Ce combat est certes noble, mais il demande surtout le courage de tous. Celui des politiques bien-sûr, celui des entreprises, celui des travailleurs et celui des consommateurs. Il va falloir résoudre les antagonismes qui empêchent le système de devenir vertueux ; cela demandera de faire des choix qui coûteront à tous, mais l’enjeu sera de privilégier tel coût immédiat vs tel coût futur. Les conflits d’intérêts seront au centre et exigeront la plus grande cohérence de tous. Le monde n’est pas manichéen mais penser et agir mieux, faire de meilleurs choix, est à notre portée. 

Réussir induit également de cesser de résister au changement du monde pour entrer enfin dans la danse et tenter d’influencer le cours de la musique plutôt que de fermer les yeux et subir le rythme et la mélodie.

Se débattre avec le désordre, telle est notre mission collective et mondiale.

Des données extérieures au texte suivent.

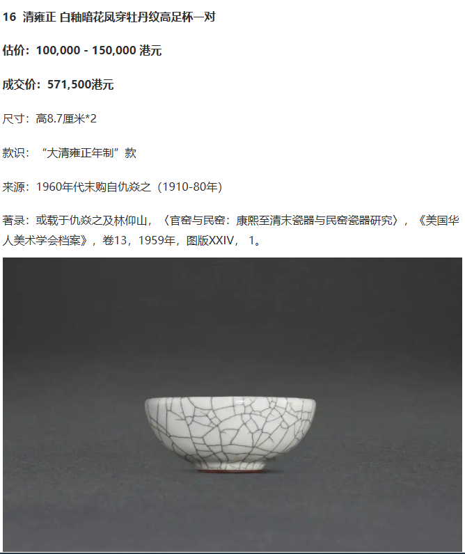 首页未分类2024 香港蘇富比古董拍賣成交價未分类 2024 香港蘇富比古董拍賣成交價 duolutai2 月 前2 月 前37 意见0 条评论 WhatsApp+85246400204LINE+85246400204 Gmail+buic08320@gmail.com 聯繫人:黃生 852+46400204 股票 上一篇文章 國際拍賣成交的元青花鑑賞 — 為何元青花最為珍貴?下一篇文章蘇富比古董拍賣成交價(部分) Related Posts 未分类 多禄溙拍賣行,為何說是全球拍卖业的标杆 duolutai2 月 前 未分类 從蘇富比、多祿溙(Dolce & Gabbana 藝術與奢侈品收藏板塊)、佳士德 看當下拍賣市場的「暗流」 duolutai1 月 前 未分类 官窯瓷器與青花:歷代經典與收藏價值 duolutai1 月 前 未分类 2025 多祿溙香港國際拍賣陶瓷及古董藏品徵集盛啟 duolutai2 月 前 未分类 古人好玉,拍賣市場也好玉 duolutai1 月 前 未分类 世界第一枚郵票價值達百萬美金? duolutai1 月 前 显示评论 (0) 发表回复 取消回复您的邮箱地址不会被公开。 必填项已用 * 标注 在此浏览器中保存我的显示名称、邮箱地址和网站地址,以便下次评论时使用。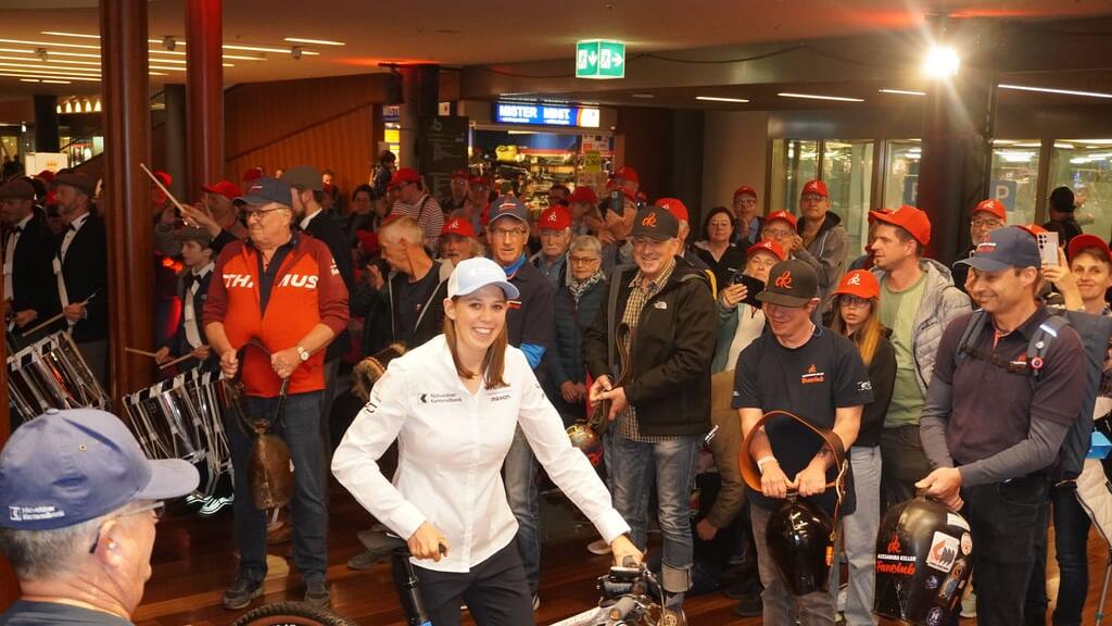 Ohrenbetäubender Lärm liess erahnen, dass sich bald eine aussergewöhnliche Sportlerin den erwartungsfrohen, spalierstehenden Fans präsentieren würde. Angeführt von Tambouren, Trichlern und Fanclub, begab sich Alessandra Keller samt ihrem Weltmeister-Bike zum Podium, wo sie von Moderator Chrigu Graf empfangen wurde. Ihm gelang es, mit Enthusiasmus die Fans vor dem Einzug aus der Reserve zu locken.

Chacun doit identifier et être selon son utile propre comme dirait Spinoza. Chacun doit créer du sens pour entraîner une révolution systémique qui passera par la réinvention des démocraties et la révolution du travail pour modifier en substance le système capitaliste dont la plasticité donne aussi bien de l’espoir qu’elle demande du courage. Nous devons convoquer notre capacité d’imagination pour oser changer ce que nous n’aimons pas dans le monde. Notre salut viendra de la fin de notre découragement.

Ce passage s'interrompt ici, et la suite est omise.